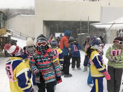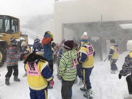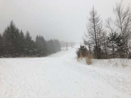 いよいよ二日目のスキーです。先程は、10センチ程度ではないかと積雪量を書きましたが、とんでもない。20センチは積もっています。吹き溜まりなどは4〜50センチはあるところもあります。風も強く雪も途切れることなく降り続いています。これから出かけるところの写真です。
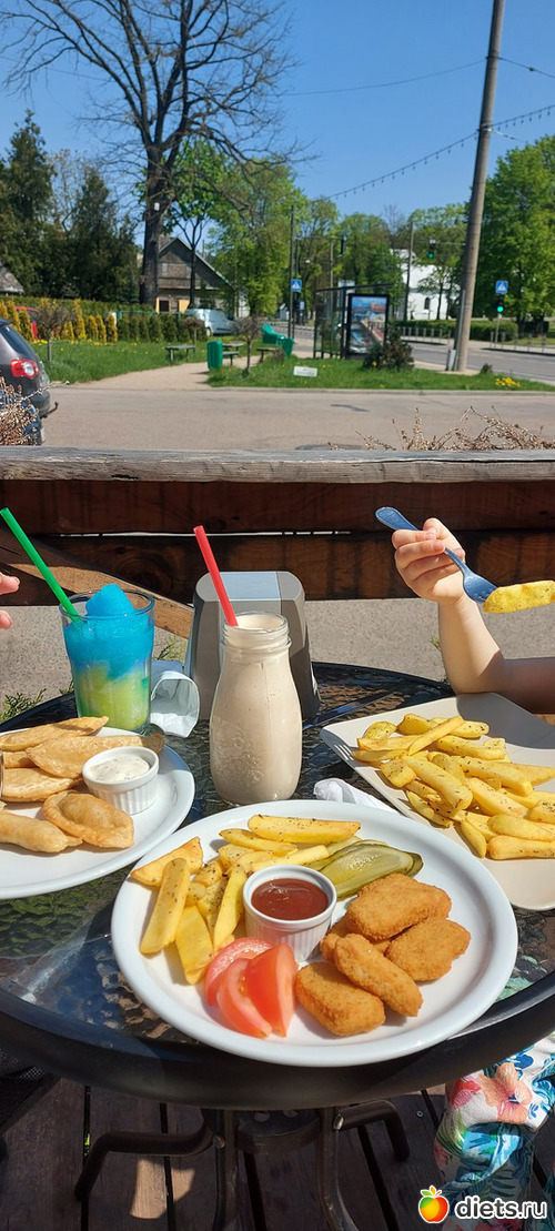 Думали возьмем на вынос, но к нашей радости за время карантина забегаловка присторила терраску как раз в связи с тем, что сейчас у нас только летние террасы открыты, и на ней даже нашлось свободное место
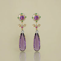 Handcrafted in gold and exuberating a spirit of festive celebration in an elevated silhouette, the Dakota ring strikes a brilliant balance between the elaborate and understated. A visual delight, it holds a faceted amethyst at its heart adorned by a halo of glistening pavé-set natural diamonds and emeralds. It has a surprising detail of the shank channel set with emeralds peeking on the sides.
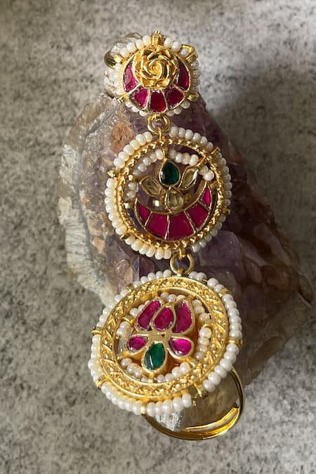 Adjustable design for comfortable fit, Kundan and pearl embellishments, Intricate floral blossom motifs
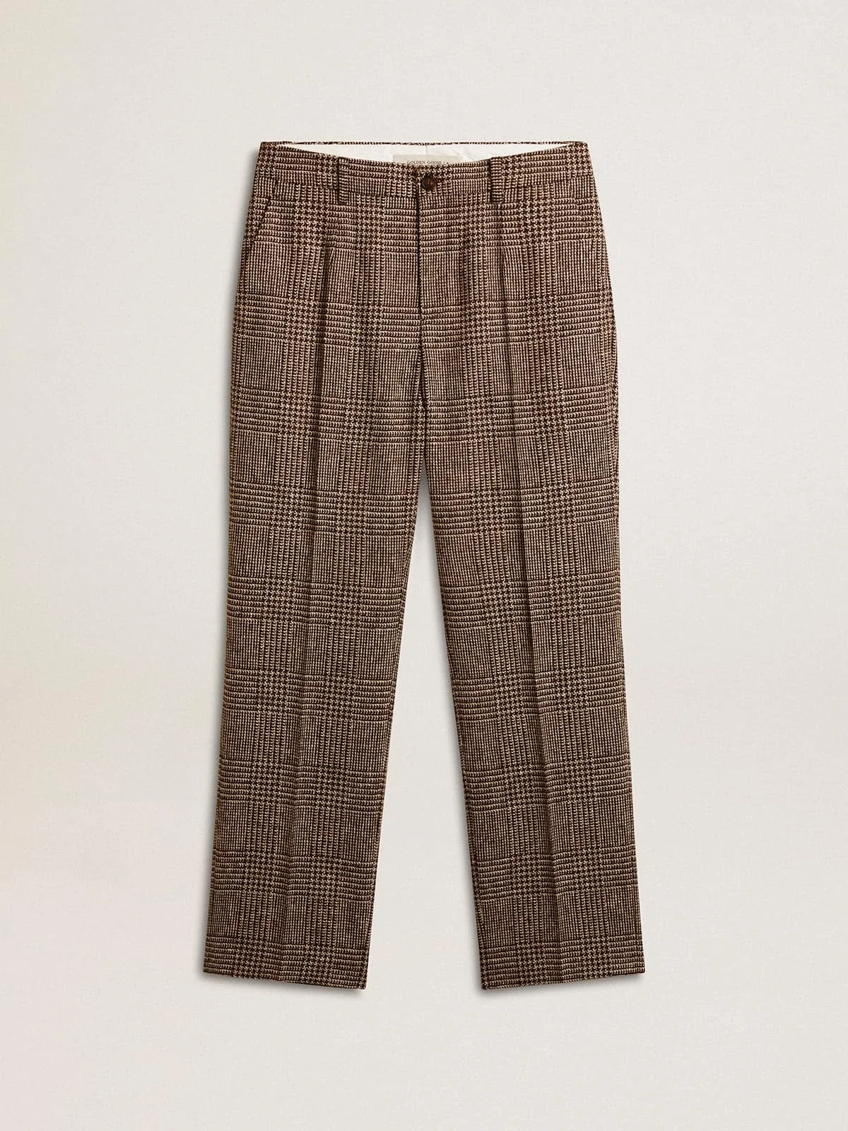 A love story to our home, Marghera. Where everything began. Our latest collection reflects the spirit of our birthplace, its contrasts, industrial soul, and manufacturing landscapes, weaving together inspirations from both the vibrant energy of workwear and the refined essence of traditional tailoring. With a loose cut and straight leg, these men's trousers feature two metal little stars on the back and branded horn buttons. DETAILS Item No. GMP01503.P001341.82513 - Journey Collection - Color: Gray - Double star on the back - Horn button fastening - Four pockets - Straight leg - Main material: 73% virgin wool, 27% polyamide - Lining material: 100% viscose - Pocket lining: 100% cotton - Made in Italy The model is 183 cm tall and is wearing a size 44(IT).

____________________

▶ [What to produce]:
From the first line above to the line containing "Думали возьмем на", repeat each line exactly. Pictures stay out.

▶ [Task response]:
 いよいよ二日目のスキーです。先程は、10センチ程度ではないかと積雪量を書きましたが、とんでもない。20センチは積もっています。吹き溜まりなどは4〜50センチはあるところもあります。風も強く雪も途切れることなく降り続いています。これから出かけるところの写真です。
 Думали возьмем на вынос, но к нашей радости за время карантина забегаловка присторила терраску как раз в связи с тем, что сейчас у нас только летние террасы открыты, и на ней даже нашлось свободное место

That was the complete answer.